Hi, your observation can be all right. I think it is not a bug or a problem, just because of the following reasons:

Those methods either have many non-trainable oprations (e.g. knn, gathering. grouping, surface normal estimation, and etc.)
They are using complicated backbones (e.g. DGCNN with a large knn).
The input are two point clouds, and each of them has the size (BatchSize, 2048, 3) I use 2 V100 to train the DCP, and 1 V100 for the rest. Hope my answer helps you.

MaxChanger commented 2 years ago

Thank you for your reply, which allowed me to confirm that the code was officially tested and certified on multiple cards.

As far as I remember, the official DCP code training speed and GPU occupancy will be much higher than 20% (the exact value is somewhat forgotten due to too long time). Indeed I also agree with you that calling it a bug or a problem is not quite appropriate.
If possible, could you provide the approximate time it takes to fully train the DCP, under your experimental conditions.
My gpu server is recently doing high io operations, later I will test it in my environment and share it with you.

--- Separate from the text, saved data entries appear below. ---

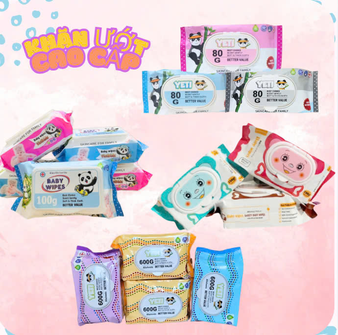 - Khăn ướt các loại: 300g, 600gam, 650gam, 80gam, 100gam: Khăn ướt tiện dụng cho mẹ và bé với đủ các chất liệu vải, kích thước, đặc tính phù hợp với các tệp khách hàng đa dạng khác nhau
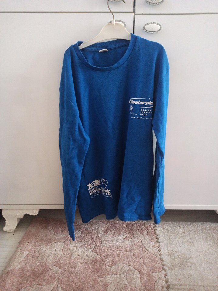 Mavi renk, uzun kollu ve yuvarlak yaka sweatshirtü, baskılı detaylarla rahat ve salaş bir kesime sahiptir. Yumuşak ve sıcak kumaşıyla günlük kullanım için uygundur.
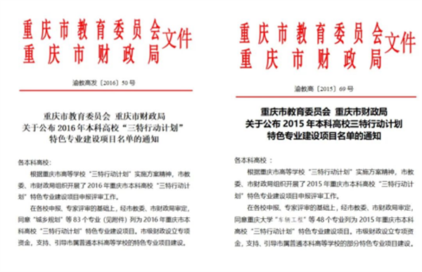 重庆市本科高校“三特行动计划”自2013年贯彻实施以来,旨在引导高等学校进一步明确本科人才培养定位,推动高校内部协同创新和产学研结合,走内涵发展、特色发展的道路,促进高等教育规模、结构、质量、效益协调发展,全面提高我市高等教育质量。

MaxChanger commented 2 years ago

Hi, @paul007pl. I tested the official dcp code on 4*2080Ti with batch_size=32 and pytorch1.5.0, it takes about 9.5h to run 100 epochs

As a comparison, I tested the dcp code in benchmark repo on 4*2080Ti with batch_size=16 (due to memory overflow), and it takes about 1h to run 1 epoch. I think the difference between the two is huge and the difference in dataset shouldn't cause such a big difference? I am eager to share the results with you, so I only ran it for a while. But I think it's enough to extrapolate the entire training phase consumption time. (The time required for each iteration is not stable, the shortest time is ~1h to complete an epoch.)

paul007pl commented 2 years ago

Thanks for your report, and I have imporved its training efficiency now. Please try again~
For DeepGMR, you can further improve its efficiency by using this file: https://github.com/wentaoyuan/deepgmr/blob/master/rri.cu.
Once I have time, I will further improve.

MaxChanger commented 2 years ago

Wow, your improvements are very effective, now the DCP training process can reach an approximate speed to the official one in my environment, thanks a lot!

But after comparing the dcp.py file, I found that it seems to be just a change in the code structure? Can you briefly describe the reason for doing this to help me better understand the reason for the efficiency improvement. Or where is the key to improved performance.

Thanks again.

paul007pl commented 2 years ago

Unfortunately, I do not know the exact reason... I assume it may be caused by the "clone" operation... You are encouraged to do another study, and maybe you can tell us later :)

MaxChanger commented 2 years ago

🤔 Philosophy of life, hahaha. Anyway, thanks again! 🍻